Response was not very good to our liking. Many drawbacks of mine were cited as reasons for not considering me. Not smart, not handsome, bald head, not tall, don't speak well were all acceptable to me. But the following 3 reasons were very difficult to accept -
  • Living in Puttur. It is perceived that if someone is living in a smaller town in native place, he hasn't had a choice of working somewhere else and hence not successful. If the girl has studied (mostly Engineering), then she won't have an option to take up a job in big software companies, limiting her career prospects. While I think, if the girl is smart enough, she can work on our business. Our business provides an individual with any talent an opportunity to apply it. Or in this highly connected world, she can create her own opportunities. Unfortunately, most weren't as smart as they thought they were.
  • Not having a Job. Few may say it is cool/hard/great to be an entrepreneur. But very few actually support it, those who say it, don't let their daughters marry an entrepreneur. I have read/heard/knew about many hurdles an entrepreneur faces, but this was one hurdle, I was not aware off and prepared for, that my decision to be an entrepreneur would make it difficult for me to get married. My mother had warned me before, she even regrets that her husband is an entrepreneur as they had to face difficult times initially. But out of my entrepreneurial spirit, I totally ignored her. Sadly, everyone wants easy certain life, nobody is willing to sacrifice todays luxury in order to fulfill tomorrow's dreams. I really can't accept that somebody ordinary who has studied Engineering from an unknown college, ends up in Bangalore, in a known company (say Infosys) after a few job hops is considered to be successful and better than me. That's how unfair the world is
  • Being with Parents. We all want Parents to give birth to us, raise us, give us money and their property. But we don't want to spend time with them, take care of them in their later days. It is considered a burden to live with parents, and will hamper the couple's freedom
As days went ahead, all our self confidence came rushing down. Parents were worried, if they find it so difficult to get me married, they will have to start the process and endure all this for my younger brother too. My mother particularly used to curse, "during our times when I was a girl, boys used to chose girls. Now, when it is time to get my sons married, girls are choosing boys." I used online matrimonial sites like havyakamahasabha.com, havyakamatrimony.com, used to attend a few events that help people get married in our community.

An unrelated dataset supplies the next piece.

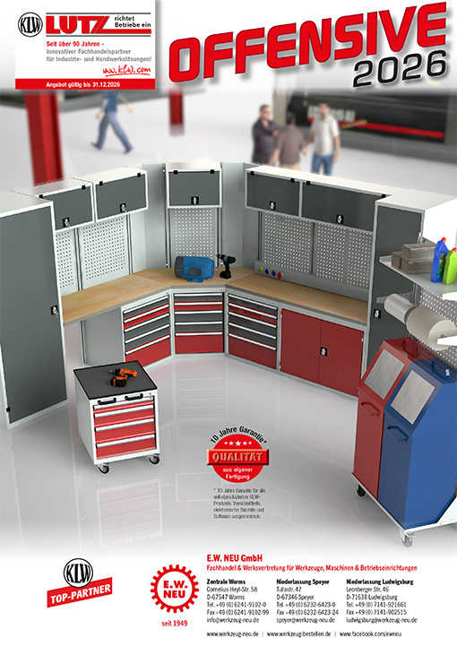 Die neusten Betriebseinrichtungen-Angebote ab sofort im neuen KLW-Prospekt. Unter anderem im Angebot: Schrankwände, Schubladenschränke, (konfigurierbare) Werkbänke, Metallwerkbänke, Lochplatten, Spänekipper, Transportgeräte, Schweißtische, Akten- und Universalschränke und vieles mehr!

It was mostly my profile getting rejected before they even saw me or spoke to me. Oddly for 2 profiles, where I got to see the girl and talk to her, I rejected them because for one was too timid and our interests/lifestyle didn't match, for other was applying conditions that were too many for me.

Finally (I didn't know at that time that this would be final), I got to see Suprabha on 6th February 2011 at Shree Bharathi College, Nanthoor, Mangalore. I generally go to meet any girl with full preparation just like we prepare ourselves for an interview. Here preparation isn't to be looked down upon. It is an exercise where we understand about ourselves better, think through the kind of match we want. What I have to offer her in my life, what I expect from her, how we plan to lead life together. What are the points that I need to note about her when we meet. What are the questions to be asked to open herself and get to know more about her. Also, get to know more about her before I even meet her, through references and facebooks. At the same time, open myself to her and let her find out about me, let her evaluate if I am her suitable match.

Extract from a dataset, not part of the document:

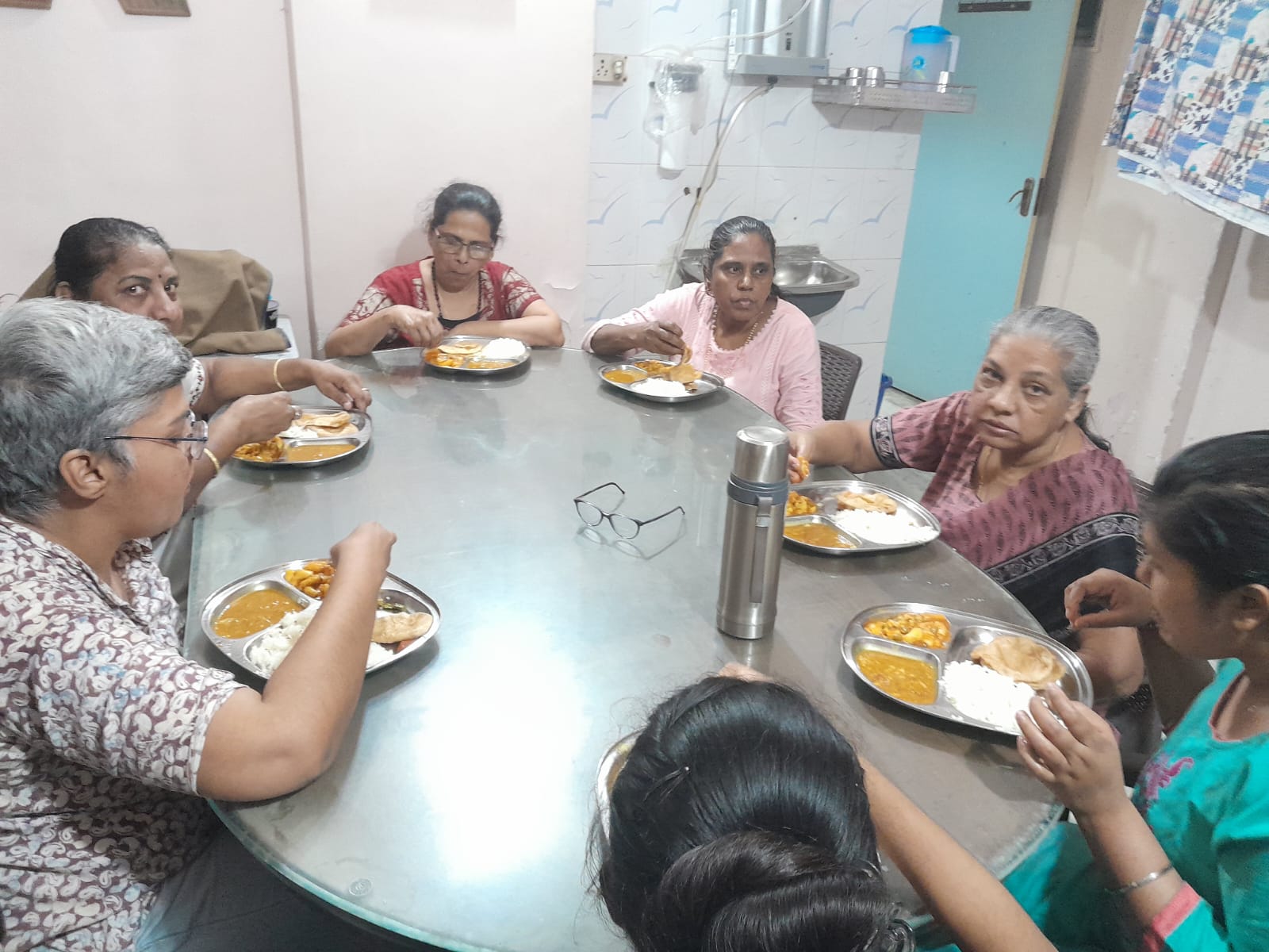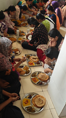 UBAT organized meals for 35 Tribal girls,who are sheltered in Kanya Chhatralaya, Adivasi Seva Mandal. Everybody beautifully performed Bhramari pranayam, Om chanting, and prayer before meal

While I came with so much of preparation, she also came with full preparation, not to see me but for her close friends' engagement that afternoon. I greeted her and her mother with smile and hello, while she gave me a grin face for having come in between her and her friends' engagement. We spoke for some time as a family, father, mother and I from my side, her mother and she from her side. Then I got to talk to her personally not too far away from our parents. They couldn't hear us talk but they could see our body language and lip movement fully. It bothered me initially but once I started talking to her, I completely forgot the environment.

I started off talking about the college campus that was full of trees to get to know her taste, whether she likes movies, malls, glitz and glamour or nature, greenery, peace and tranquility. I found that she likes both. With respect to education and career, she had done her MCA and planned to do her Pd.D and get into teaching profession. So, I asked about her academic project she is presently doing in her final semister MCA. As I asked a couple of questions, I could sense that it was not her cup of tea. She later (after getting engaged) told me that she had done her MCA just for the sake of a masters degree and thereby get a better husband :-). Her real aim in life is to be a great mother for her kids, supporting and caring wife and a family member. Though she didn't take academics seriously, she wanted her husband to be dedicated towards his work. I told her (really meant when I told) she is free to take up any career she wants, either get into teaching, be a housewife or work on our business. I believe, one will be happy and successful when one does what he wants. There is no profession that is better than all others. I do the same, let it be the same with my wife and children too.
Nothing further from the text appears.